Poll: Only 37% Found Michael Cohen’s Testimony Credible

WASHINGTON, DC - FEBRUARY 27: Michael Cohen, former attorney and fixer for President Donald Trump, testifies before the House Oversight Committee on Capitol Hill February 27, 2019 in Washington, DC. Last year Cohen was sentenced to three years in prison and ordered to pay a $50,000 fine for tax evasion, …
Chip Somodevilla/Getty Images
KRISTINA WONG

Only 37 percent of people surveyed found former Trump lawyer Michael Cohen’s testimony in front of the House Oversight and Government Reform this week to be credible, according to a poll published Friday.

The results of the poll, conducted by The Hill-HarrisX poll between February 28 and March 1, suggested that the high-profile testimony of Michael Cohen would likely not have a big political impact for President Donald Trump.

The percentage of those finding Cohen credible was still higher than those that did not find him credible — 25 percent. But the plurality of respondents, 39 percent, said they had not formed an opinion of Cohen’s testimony.

Democrats were more likely to believe Cohen was credible, at 58 percent, than Republicans, at only 15 percent.

Only 35 percent of independent respondents said they found Cohen credible, versus 18 percent who said he was not. Almost half, 48 percent, said they were unsure.

More male respondents were certain of their opinion on Cohen than female respondents.

Forty-two percent of male respondents said they found Cohen to be credible, 31 percent said he was not, and 27 percent were unsure.

That is compared to only 32 percent of female respondents believing him to be credible, 19 percent who said he was not, and 49 percent saying they were unsure.

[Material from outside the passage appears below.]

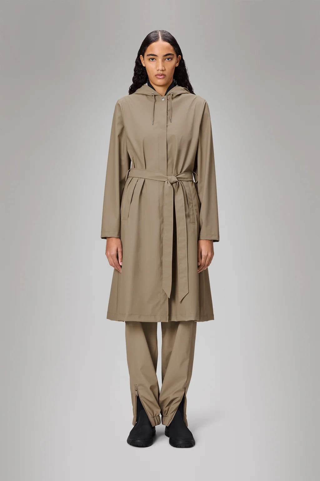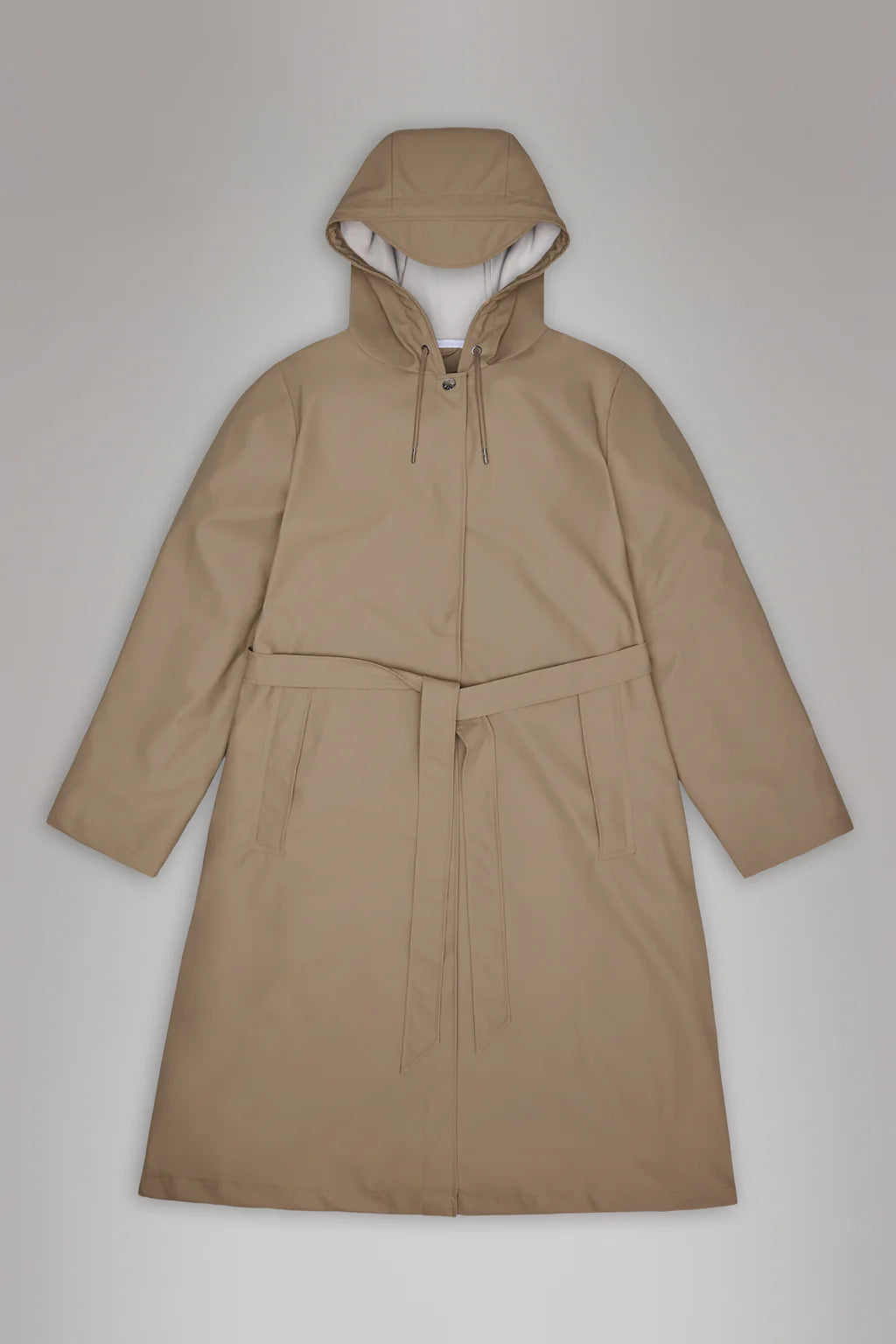 A-line Jacket Longer fra Rains er en elegant og feminin regnjakke med en flatterende A-formet silhuett og et knytebelte i livet som fremhever midjen. Den har en forlengende passform som gir ekstra dekning, og kombinerer funksjonalitet med stil.

During the hearing, Cohen accused Trump of being an unscrupulous person who cared only about winning but also contradicted himself by saying Trump never expected to win the presidency and just wanted to promote his brand.

He also accused Trump of directing him to do things by “secret code” — not outright telling him to do things but communicating in a code by which he knew exactly what Trump wanted.

He expressed regret over working with Trump for the past ten years and said he had nothing to gain from his testimony. However, he refused to rule out future book deals, movies, or TV show appearances, or to donate any future proceedings from such events to charity.

Republicans on the committee attacked Cohen’s credibility, pointing out that he has been indicted by Special Counsel Robert Mueller for lying to Congress.

Democrats were much more sympathetic to him and focused on trying to dig for dirt on Trump.

Cohen said he did not have any direct evidence Trump colluded with Russia nor had he ever visited Prague.

The so-called pee-dossier, that was funded by the Hillary Clinton campaign and the Democratic National Committee and served as the basis for Democrats’ collusion claims, had alleged that Cohen had met in Prague with Russians.

The Hill-HarrisX poll surveyed 996 registered voters and has a sampling margin of error of 3.11 percentage points.